* **Exercise description**:
A verbatim transcript of the data below is required, images omitted.

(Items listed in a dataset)
Start of Block

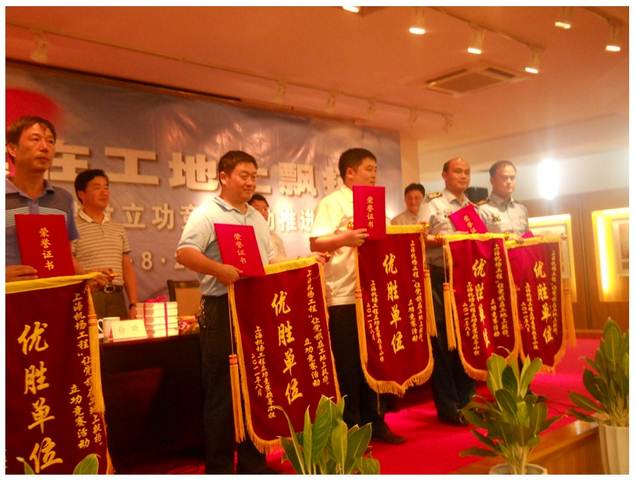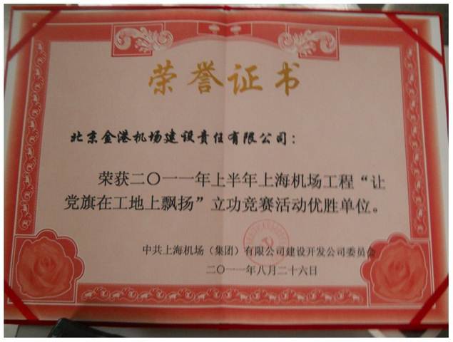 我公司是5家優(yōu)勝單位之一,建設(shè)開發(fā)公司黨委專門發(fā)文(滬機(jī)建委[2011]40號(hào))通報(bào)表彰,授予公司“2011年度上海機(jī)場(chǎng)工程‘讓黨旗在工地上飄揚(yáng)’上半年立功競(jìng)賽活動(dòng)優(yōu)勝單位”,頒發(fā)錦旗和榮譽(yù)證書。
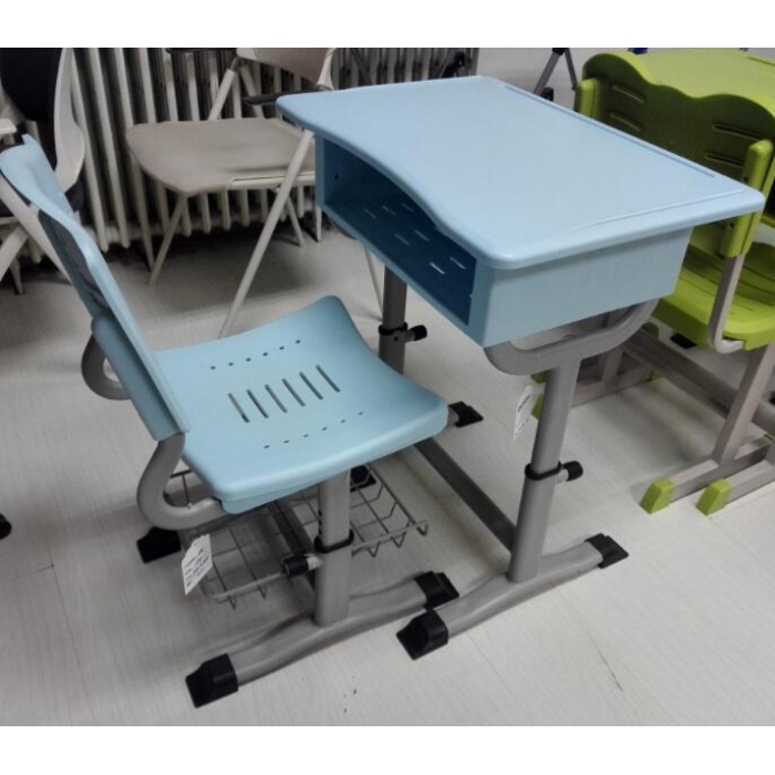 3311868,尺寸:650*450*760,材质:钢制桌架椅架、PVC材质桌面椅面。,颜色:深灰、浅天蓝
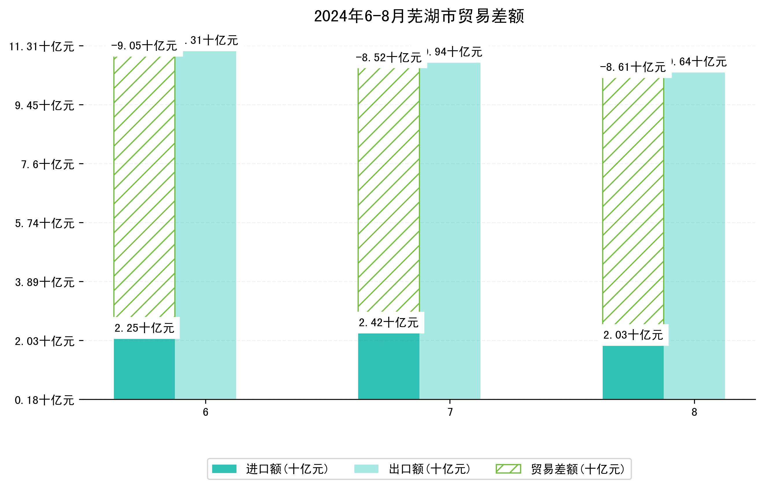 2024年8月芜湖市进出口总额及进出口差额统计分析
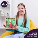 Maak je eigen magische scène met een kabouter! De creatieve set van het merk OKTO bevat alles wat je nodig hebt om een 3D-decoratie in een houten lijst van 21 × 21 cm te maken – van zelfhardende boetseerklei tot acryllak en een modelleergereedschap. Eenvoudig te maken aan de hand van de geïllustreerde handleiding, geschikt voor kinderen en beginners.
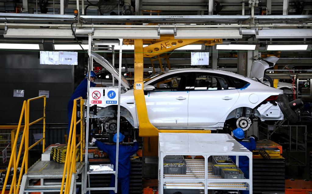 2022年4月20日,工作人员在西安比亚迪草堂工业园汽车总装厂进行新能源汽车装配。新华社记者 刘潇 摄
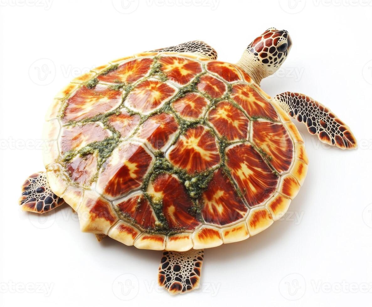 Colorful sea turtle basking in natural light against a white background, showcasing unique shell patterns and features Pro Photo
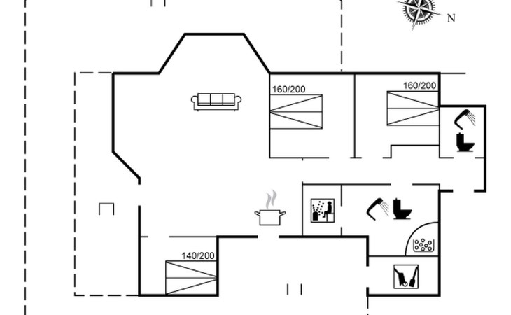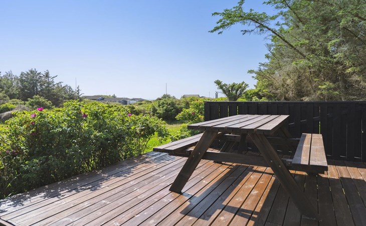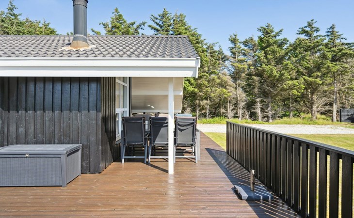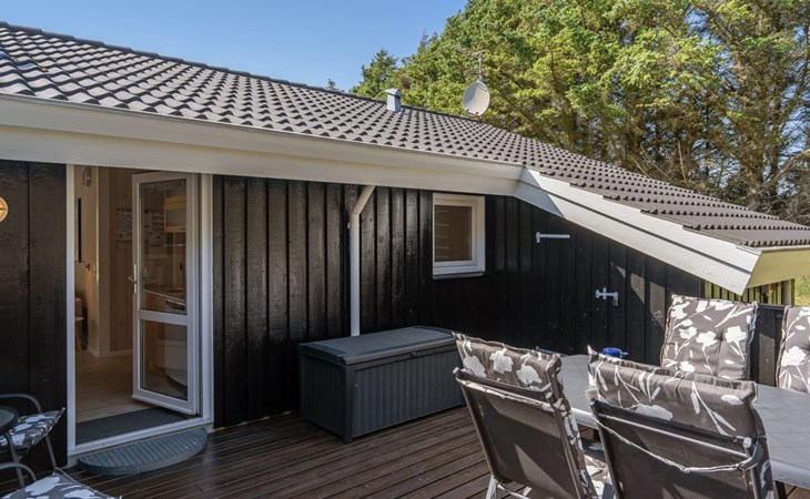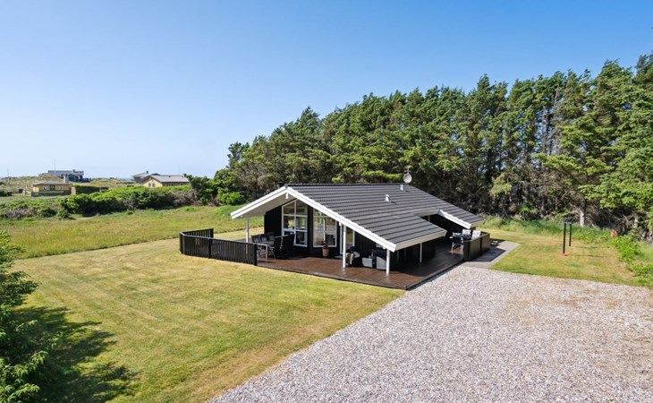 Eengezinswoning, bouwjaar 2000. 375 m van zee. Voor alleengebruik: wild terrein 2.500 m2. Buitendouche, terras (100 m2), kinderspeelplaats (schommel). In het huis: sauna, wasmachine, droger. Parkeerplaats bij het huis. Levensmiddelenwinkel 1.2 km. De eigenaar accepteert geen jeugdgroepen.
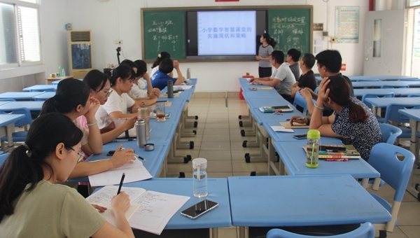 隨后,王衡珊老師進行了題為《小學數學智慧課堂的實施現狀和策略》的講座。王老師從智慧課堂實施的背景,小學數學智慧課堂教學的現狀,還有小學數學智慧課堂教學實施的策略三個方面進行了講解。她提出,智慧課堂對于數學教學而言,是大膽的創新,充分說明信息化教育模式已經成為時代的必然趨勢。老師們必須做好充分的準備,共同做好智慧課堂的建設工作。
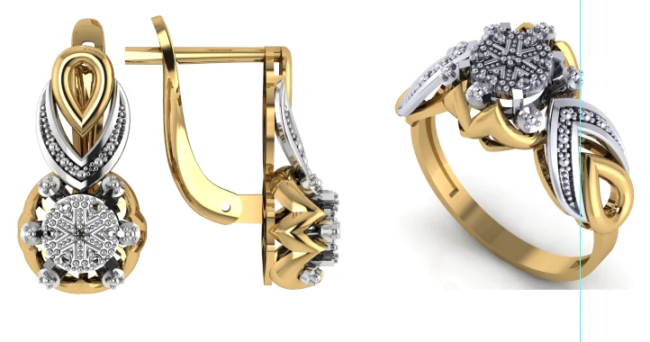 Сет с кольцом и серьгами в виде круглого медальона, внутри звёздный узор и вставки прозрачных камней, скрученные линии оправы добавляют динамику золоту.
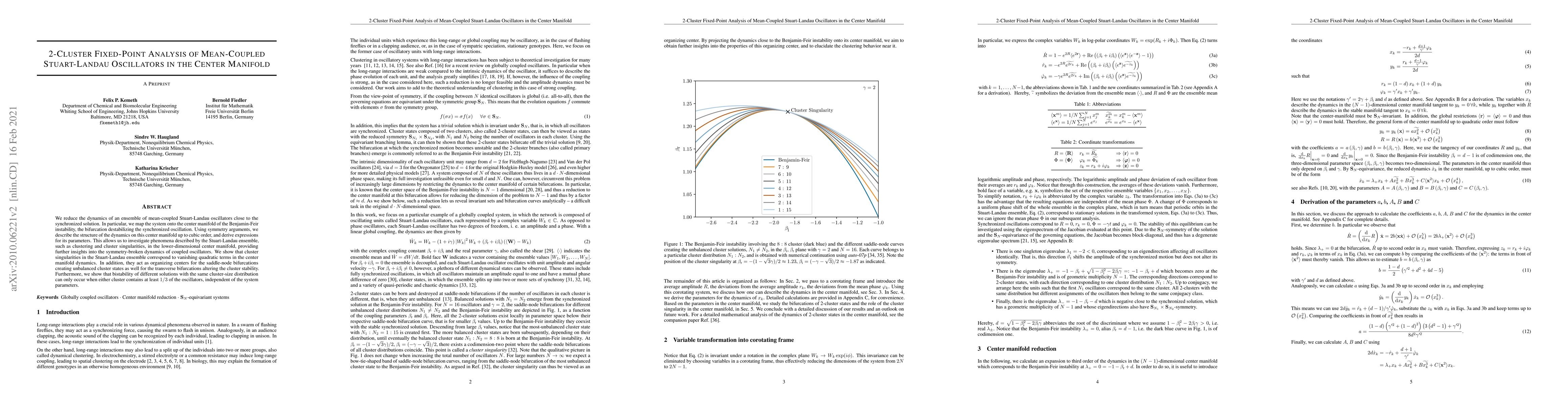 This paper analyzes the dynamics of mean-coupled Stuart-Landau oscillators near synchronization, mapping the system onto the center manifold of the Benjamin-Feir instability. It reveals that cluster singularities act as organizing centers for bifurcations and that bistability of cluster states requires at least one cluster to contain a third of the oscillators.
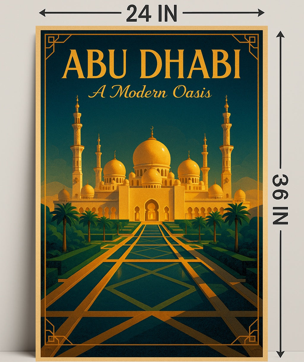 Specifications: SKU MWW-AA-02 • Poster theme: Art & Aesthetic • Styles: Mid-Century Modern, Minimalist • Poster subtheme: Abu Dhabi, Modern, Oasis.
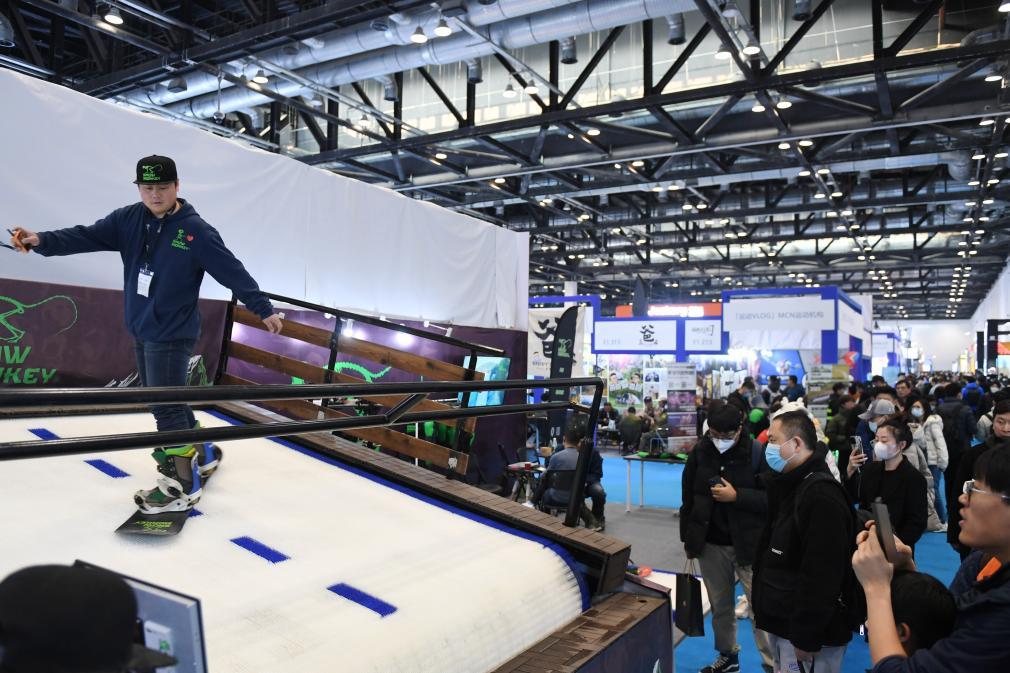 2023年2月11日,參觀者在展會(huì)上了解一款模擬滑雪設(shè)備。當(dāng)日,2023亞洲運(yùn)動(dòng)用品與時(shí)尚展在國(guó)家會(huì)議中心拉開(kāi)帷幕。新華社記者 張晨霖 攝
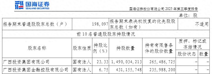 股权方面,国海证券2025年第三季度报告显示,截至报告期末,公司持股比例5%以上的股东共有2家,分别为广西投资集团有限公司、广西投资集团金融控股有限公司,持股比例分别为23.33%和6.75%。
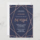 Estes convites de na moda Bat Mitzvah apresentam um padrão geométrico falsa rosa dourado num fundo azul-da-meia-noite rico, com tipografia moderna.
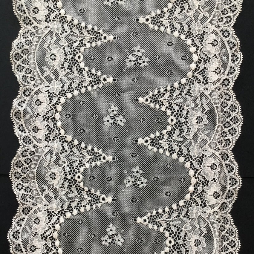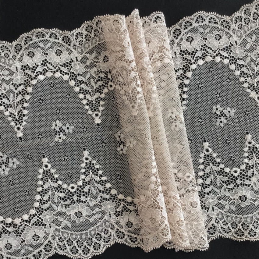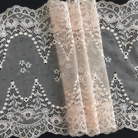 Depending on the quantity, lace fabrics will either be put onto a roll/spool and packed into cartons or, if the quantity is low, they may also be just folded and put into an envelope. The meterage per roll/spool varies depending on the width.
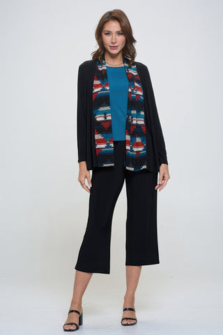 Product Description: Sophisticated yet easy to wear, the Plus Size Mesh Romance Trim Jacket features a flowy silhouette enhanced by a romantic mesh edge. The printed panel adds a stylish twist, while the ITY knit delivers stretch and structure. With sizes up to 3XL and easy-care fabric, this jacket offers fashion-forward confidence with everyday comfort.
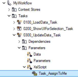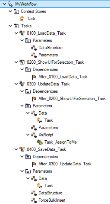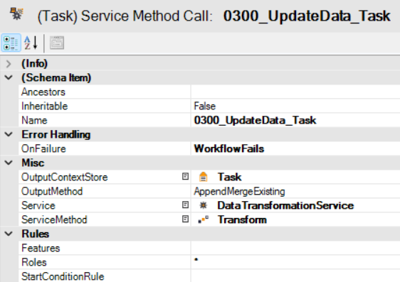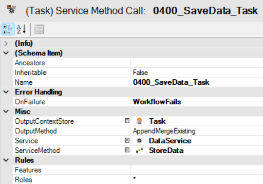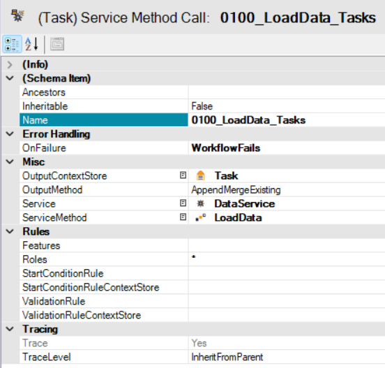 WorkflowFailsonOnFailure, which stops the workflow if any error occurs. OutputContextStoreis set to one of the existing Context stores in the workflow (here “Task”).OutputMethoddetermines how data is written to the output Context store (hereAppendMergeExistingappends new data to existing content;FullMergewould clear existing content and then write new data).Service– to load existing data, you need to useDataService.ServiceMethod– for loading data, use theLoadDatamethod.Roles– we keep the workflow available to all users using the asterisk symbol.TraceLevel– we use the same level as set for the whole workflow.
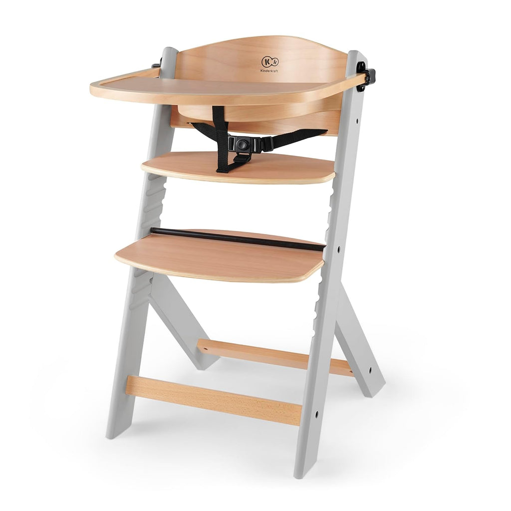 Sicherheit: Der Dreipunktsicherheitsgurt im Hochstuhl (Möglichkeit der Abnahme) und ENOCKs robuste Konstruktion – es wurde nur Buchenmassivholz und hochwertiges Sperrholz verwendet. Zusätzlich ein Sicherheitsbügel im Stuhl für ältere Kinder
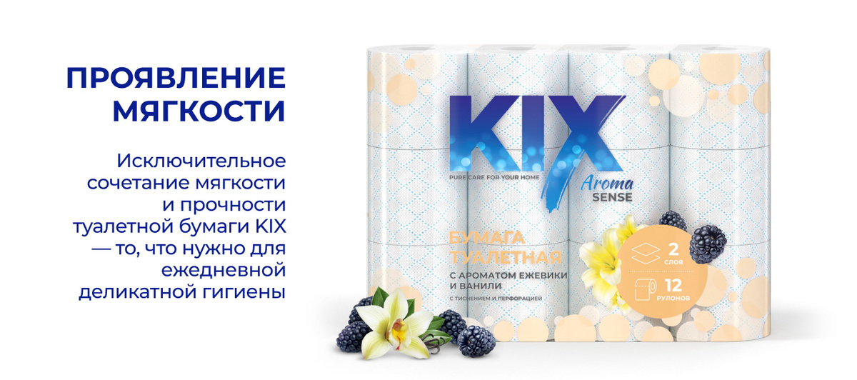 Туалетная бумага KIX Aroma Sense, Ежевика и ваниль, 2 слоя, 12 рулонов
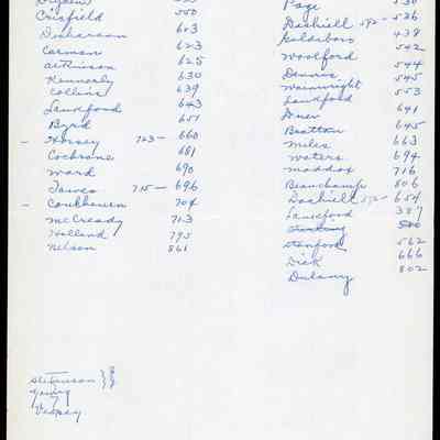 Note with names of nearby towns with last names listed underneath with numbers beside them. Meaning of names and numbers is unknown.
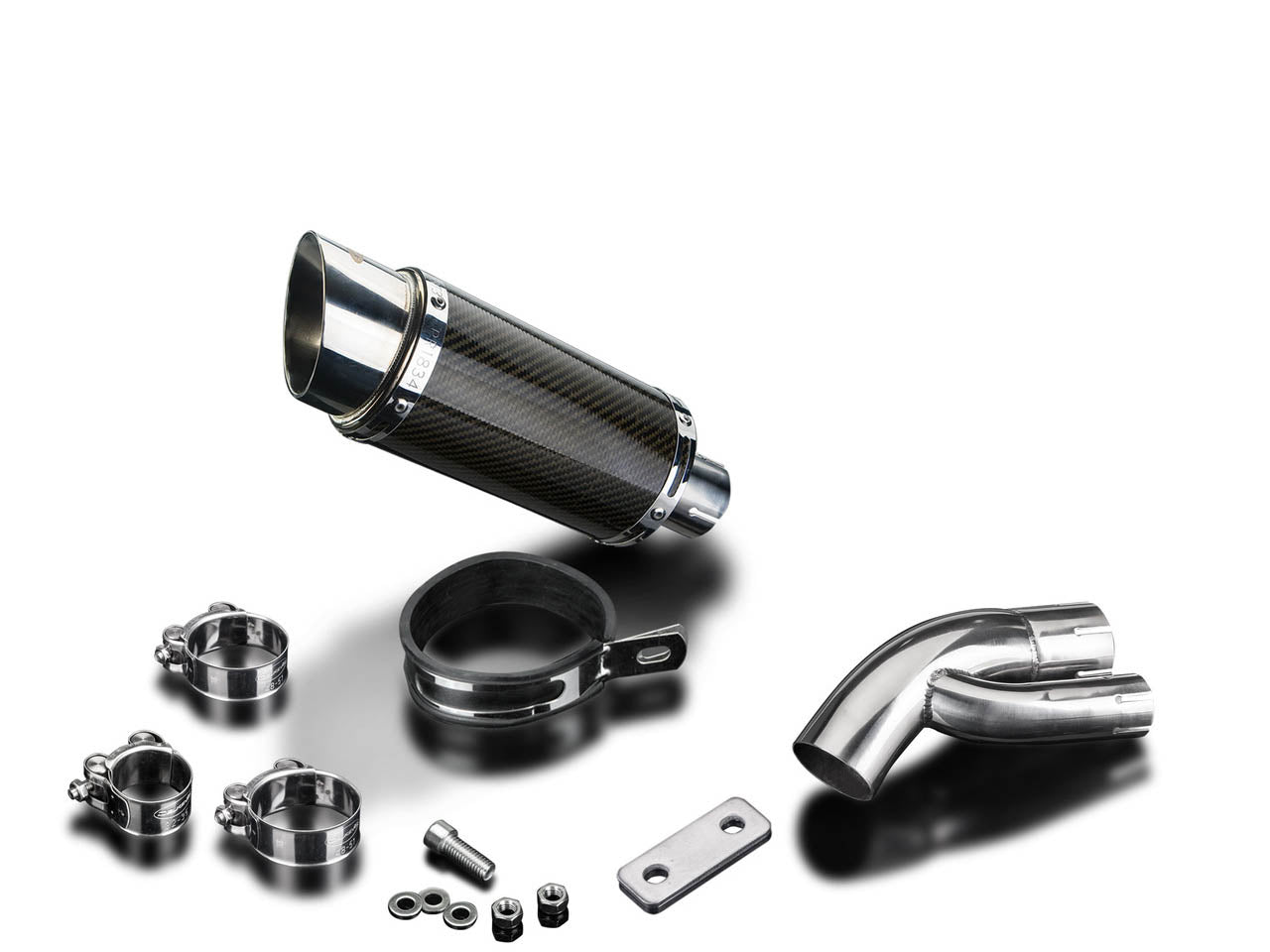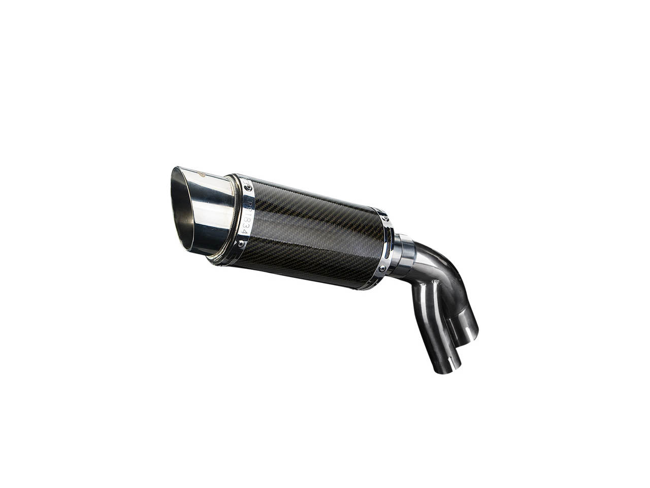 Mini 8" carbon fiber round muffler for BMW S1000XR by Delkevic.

End of Block

* **Solution for this exercise**:
 我公司是5家優(yōu)勝單位之一,建設(shè)開發(fā)公司黨委專門發(fā)文(滬機(jī)建委[2011]40號(hào))通報(bào)表彰,授予公司“2011年度上海機(jī)場(chǎng)工程‘讓黨旗在工地上飄揚(yáng)’上半年立功競(jìng)賽活動(dòng)優(yōu)勝單位”,頒發(fā)錦旗和榮譽(yù)證書。
 3311868,尺寸:650*450*760,材质:钢制桌架椅架、PVC材质桌面椅面。,颜色:深灰、浅天蓝
 2024年8月芜湖市进出口总额及进出口差额统计分析
 Maak je eigen magische scène met een kabouter! De creatieve set van het merk OKTO bevat alles wat je nodig hebt om een 3D-decoratie in een houten lijst van 21 × 21 cm te maken – van zelfhardende boetseerklei tot acryllak en een modelleergereedschap. Eenvoudig te maken aan de hand van de geïllustreerde handleiding, geschikt voor kinderen en beginners.
 2022年4月20日,工作人员在西安比亚迪草堂工业园汽车总装厂进行新能源汽车装配。新华社记者 刘潇 摄
 Colorful sea turtle basking in natural light against a white background, showcasing unique shell patterns and features Pro Photo
 Eengezinswoning, bouwjaar 2000. 375 m van zee. Voor alleengebruik: wild terrein 2.500 m2. Buitendouche, terras (100 m2), kinderspeelplaats (schommel). In het huis: sauna, wasmachine, droger. Parkeerplaats bij het huis. Levensmiddelenwinkel 1.2 km. De eigenaar accepteert geen jeugdgroepen.
 隨后,王衡珊老師進行了題為《小學數學智慧課堂的實施現狀和策略》的講座。王老師從智慧課堂實施的背景,小學數學智慧課堂教學的現狀,還有小學數學智慧課堂教學實施的策略三個方面進行了講解。她提出,智慧課堂對于數學教學而言,是大膽的創新,充分說明信息化教育模式已經成為時代的必然趨勢。老師們必須做好充分的準備,共同做好智慧課堂的建設工作。
 Сет с кольцом и серьгами в виде круглого медальона, внутри звёздный узор и вставки прозрачных камней, скрученные линии оправы добавляют динамику золоту.
 This paper analyzes the dynamics of mean-coupled Stuart-Landau oscillators near synchronization, mapping the system onto the center manifold of the Benjamin-Feir instability. It reveals that cluster singularities act as organizing centers for bifurcations and that bistability of cluster states requires at least one cluster to contain a third of the oscillators.
 Specifications: SKU MWW-AA-02 • Poster theme: Art & Aesthetic • Styles: Mid-Century Modern, Minimalist • Poster subtheme: Abu Dhabi, Modern, Oasis.
 2023年2月11日,參觀者在展會(huì)上了解一款模擬滑雪設(shè)備。當(dāng)日,2023亞洲運(yùn)動(dòng)用品與時(shí)尚展在國(guó)家會(huì)議中心拉開(kāi)帷幕。新華社記者 張晨霖 攝
 股权方面,国海证券2025年第三季度报告显示,截至报告期末,公司持股比例5%以上的股东共有2家,分别为广西投资集团有限公司、广西投资集团金融控股有限公司,持股比例分别为23.33%和6.75%。
 Estes convites de na moda Bat Mitzvah apresentam um padrão geométrico falsa rosa dourado num fundo azul-da-meia-noite rico, com tipografia moderna.
 Depending on the quantity, lace fabrics will either be put onto a roll/spool and packed into cartons or, if the quantity is low, they may also be just folded and put into an envelope. The meterage per roll/spool varies depending on the width.
 Product Description: Sophisticated yet easy to wear, the Plus Size Mesh Romance Trim Jacket features a flowy silhouette enhanced by a romantic mesh edge. The printed panel adds a stylish twist, while the ITY knit delivers stretch and structure. With sizes up to 3XL and easy-care fabric, this jacket offers fashion-forward confidence with everyday comfort.
 WorkflowFailsonOnFailure, which stops the workflow if any error occurs. OutputContextStoreis set to one of the existing Context stores in the workflow (here “Task”).OutputMethoddetermines how data is written to the output Context store (hereAppendMergeExistingappends new data to existing content;FullMergewould clear existing content and then write new data).Service– to load existing data, you need to useDataService.ServiceMethod– for loading data, use theLoadDatamethod.Roles– we keep the workflow available to all users using the asterisk symbol.TraceLevel– we use the same level as set for the whole workflow.
 Sicherheit: Der Dreipunktsicherheitsgurt im Hochstuhl (Möglichkeit der Abnahme) und ENOCKs robuste Konstruktion – es wurde nur Buchenmassivholz und hochwertiges Sperrholz verwendet. Zusätzlich ein Sicherheitsbügel im Stuhl für ältere Kinder
 Туалетная бумага KIX Aroma Sense, Ежевика и ваниль, 2 слоя, 12 рулонов
 Note with names of nearby towns with last names listed underneath with numbers beside them. Meaning of names and numbers is unknown.
 Mini 8" carbon fiber round muffler for BMW S1000XR by Delkevic.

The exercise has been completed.